I had the pleasure of attending an intimate conference of software gurus, creators, and practitioners, including some of the people who invented object-oriented design and agile development. The Chatham House Rule prevents me from disclosing companies and names, but think of the biggest tech companies, Fortune 1000 brands, and famous authors of seminal software development books — and me, feeling a bit out of place. It’s been years since I coded a compiler in Turbo Pascal or generated n-dimensional linear algebra solutions in APL or built business applications for clinical healthcare.

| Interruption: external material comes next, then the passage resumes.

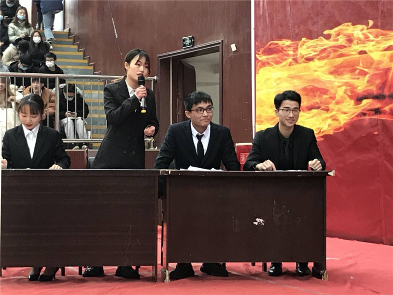 本次比赛,担任评委和嘉宾的有:北京启航考研四川片区校区主管刘兵,语言文字委员会副主任刘琴,法律教研室主任李长福,思政部老师李海伟。我方为正方观点,由队长及一辩王诗富带队,张宇(二辩),熊银凤(三辩),于洋(四辩)组成了我方队伍,而反方队伍西南财经大学天府学院则由鲁紫依(一辩),韦丽丽(二辩),张力(三辩)肖文馨(四辩)组成。比赛进行过程中,八位辩手旁征博引、妙语连珠,结合理论与现实充分论证了社会看脸与否的问题,双方针锋相对互不相让,为大家奉献了一场有理有据的精彩辩论。经过立论陈词、攻辩阶段、攻辩小结、自由辩和总结陈词五个环节环环紧扣的激战,现场观众也是大呼过瘾。其中“抬杠”环节更是将比赛的气氛推至高潮,双方围绕各自的论点你来我往,互不相让。
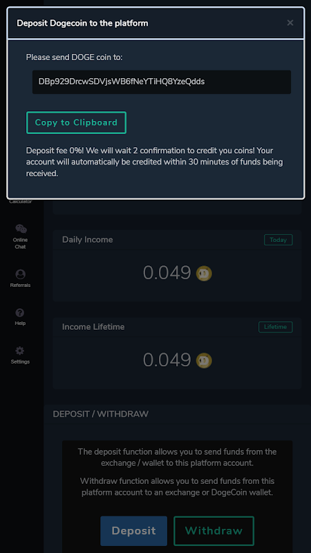 CloBitプラットフォームでは、Dogecoin暗号通貨クラウドマイニングで収益を得ることができます。

But I do think about software a lot. In this post, I muse on what I heard at the “unconference” and encourage you to get more details from day one sessions and day two sessions. In each bullet below, I report what I heard and give you my personal view on what we should be doing. For a deep dive into software development or the future of software, I encourage you to reach out to Forester analysts Diego Lo Giudice for software development, Ken Parmelee for application generation, and Devin Dickerson for all things engineering.
The Moltbook crustacean caught the imagination of all. It was great timing that this crazy agent-to-agent society (human-directed or not) sprung up over the weekend before the retreat. It seemed to toll the death of human relevance, at just the moment when we needed to reassert control over the runaway AI train.
“Welcome to Gas Town” triggered an existential identity crisis. When an appgen engine can run circles around a development squad, what’s left for a software engineer? There was real awareness and, I suspect, personal anxiety that if AI can do the work of people, who am I and what the heck am I going to do?
Gurus are jazzed by autonomous software creation. Tokenomics be damned ($300,000 in API calls to Claude to generate an application to generate applications in one instance). Surely those costs will come down. But will the software be any good? If Anthropic’s project to vibe-code a C compiler is any indicator, yes, it will.
“Just because you can doesn’t mean you should.” There was lots of enthusiasm for fast engineering. And lots of concern over the quality, efficacy, and safety of the software that AI was building. Slowing the code-gen thing down to let the human processes of deciding and protecting surfaced again and again, and the realities of enterprise software reasserted dominance in the vibe.
Nobody seems worried about the economics of AI. When I raised the question of whether it made any energy sense to ask an LLM to do what a piece of free software running on a phone already does, the answer was, “We’ll build more nuclear reactors.” Hmm. I guess I’m waiting for an AI brain as efficient as a human one, able to process at lightning-speed fueled only by a cup of coffee and a Snickers bar.
Software leaders in large companies are worried about their teams. In one particularly boisterous conversation, the room agreed that we’ll start hiring junior programmers again, and they’ll come in with AI skills to develop software. It’s the mid-career engineers energized by the joy of coding that we realized are in trouble.
For myself, I counseled caution, closing out day one with this: “We have a design choice. We can let the AI tell us what to do. Or we can tell the leaders of AI companies what to do. The choice is ours, not theirs.”